Adelantándome hacia una de ellas, miré el interior y vi un grupo de personas extrañamente vestidas, que departían entre sí con gran jarana. Como jamás había oído la voz humana, apenas sí podía adivinar vagamente lo que decían. Algunas caras tenían expresiones que despertaban en mí remotísimos recuerdos; otras me eran absolutamente ajenas. Salté por la ventana y me introduje en la habitación, brillantemente iluminada, a la vez que mi mente saltaba del único instante de esperanza al más negro de los desalientos. La pesadilla no tardó en venir, ya que, no bien entré, se produjo una de las más aterradoras reacciones que hubiera podido concebir. No había terminado de cruzar el umbral cuando cundió entre todos los presentes un inesperado y súbito pavor, de horrible intensidad, que distorsionaba los rostros y arrancaba de todas las gargantas los chillidos más espantosos. El desbande fue general, y en medio del griterío y del pánico varios sufrieron desmayos, siendo arrastrados por los que huían enloquecidos.
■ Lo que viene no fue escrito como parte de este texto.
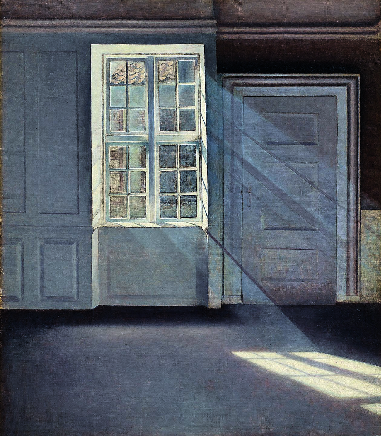 Διότι ο Χάμερσχοϊ μπορεί να ζωγράφισε πολλά πορτρέτα αλλά και τοπία, όμως η καλλιτεχνική πορεία του είναι στενά συνδεδεμένη με το διαμέρισμά του στη Strandgade 30, στην περιοχή Christianshavn της Κοπεγχάγης. Εκεί ζούσε μαζί με την Ιντα, ανάμεσα σε μινιμαλιστικά επιπλωμένα δωμάτια και ουδέτερα όσο και γήινα χρώματα, σε ένα αυστηρό περιβάλλον, ιδανικό για να εξερευνήσει τη γεωμετρία και τις μεταβολές του φωτός εντός του. Με το βόρειο φως, διάχυτο και απαλά φωτεινό, να διαπερνά τα παράθυρα και να αντανακλάται στις επιφάνειες, είδε έναν τρόπο να αποκαλύψει τις γραμμές και τις γωνίες των δωματίων. Η χρωματική παλέτα μπορεί να φαίνεται περιορισμένη, αλλά κάθε παρατήρηση φέρνει στο φως λεπτές αποχρώσεις μπλε, πράσινου ή κοβαλτίου, που δίνουν ζωή στους χώρους και στα αντικείμενα και δημιουργούν αίσθηση αιώρησης, στοχασμού και ενδοσκόπησης.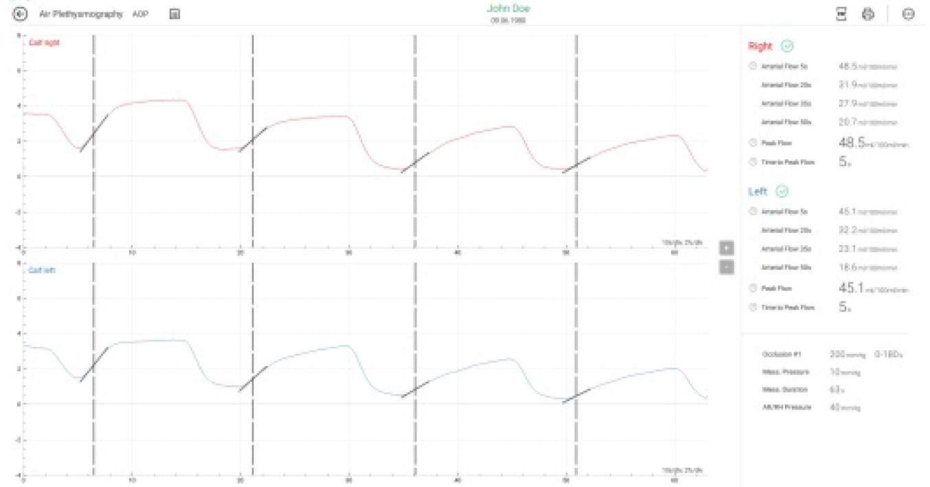 Ez lehetővé teszi az elzáródások lokalizálását, valamint a pulzushullám-paraméterek teljesen automatikus kiszámítását akár 45 másodperc alatt.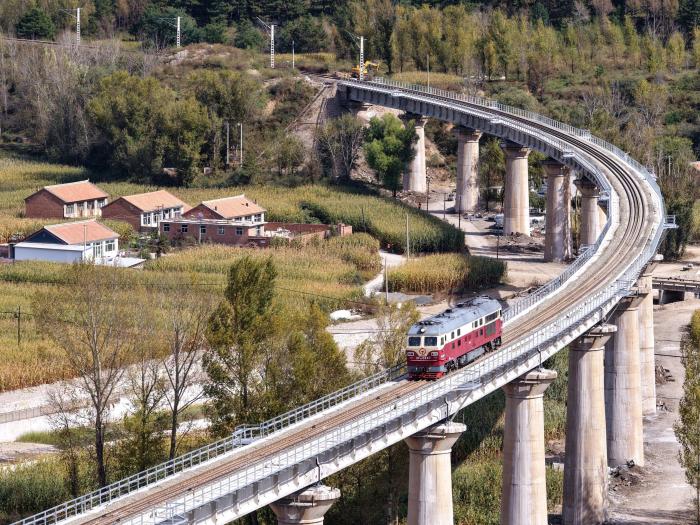 9月28日,列车驶过京通铁路河北隆化段(无人机照片)。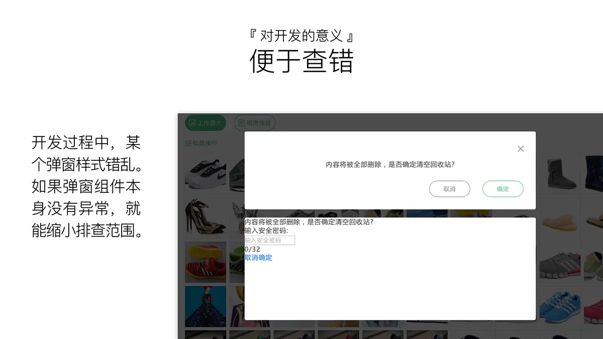 如果页面上出现问题,可以找出每个可能有关的组件,逐个拔除,直到恢复正常。这样就能迅速锁定错误发生的位置。同时组件内也可以形成完整的自测单元,也方便了测试工作。

Muchos se taparon los ojos con las manos y corrían a ciegas llevándose todo por delante, derribando los muebles y dándose contra las paredes en su desesperado intento de ganar alguna de las numerosas puertas.

Solo y aturdido en el brillante recinto, escuchando los ecos cada vez más apagados de aquellos espeluznantes gritos, comencé a temblar pensando qué podía ser aquello que me acechaba sin que yo lo viera. A primera vista el lugar parecía vacío, pero cuando me dirigí a una de las alcobas creí detectar una presencia... un amago de movimiento del otro lado del arco dorado que conducía a otra habitación, similar a la primera. A medida que me aproximaba a la arcada comencé a percibir la presencia con más nitidez; y luego, con el primero y último sonido que jamás emití -un aullido horrendo que me repugnó casi tanto como su morbosa causa-, contemplé en toda su horrible intensidad el inconcebible, indescriptible, inenarrable monstruo que, por obra de su mera aparición, había convertido una alegre reunión en una horda de delirantes fugitivos.

No puedo siquiera decir aproximadamente a qué se parecía, pues era un compuesto de todo lo que es impuro, pavoroso, indeseado, anormal y detestable. Era una fantasmagórica sombra de podredumbre, decrepitud y desolación; la pútrida y viscosa imagen de lo dañino; la atroz desnudez de algo que la tierra misericordiosa debería ocultar por siempre jamás. Dios sabe que no era de este mundo -o al menos había dejado de serlo-, y sin embargo, con enorme horror de mi parte, pude ver en sus rasgos carcomidos, con huesos que se entreveían, una repulsiva y lejana reminiscencia de formas humanas; y en sus enmohecidas y destrozadas ropas, una indecible cualidad que me estremecía más aún.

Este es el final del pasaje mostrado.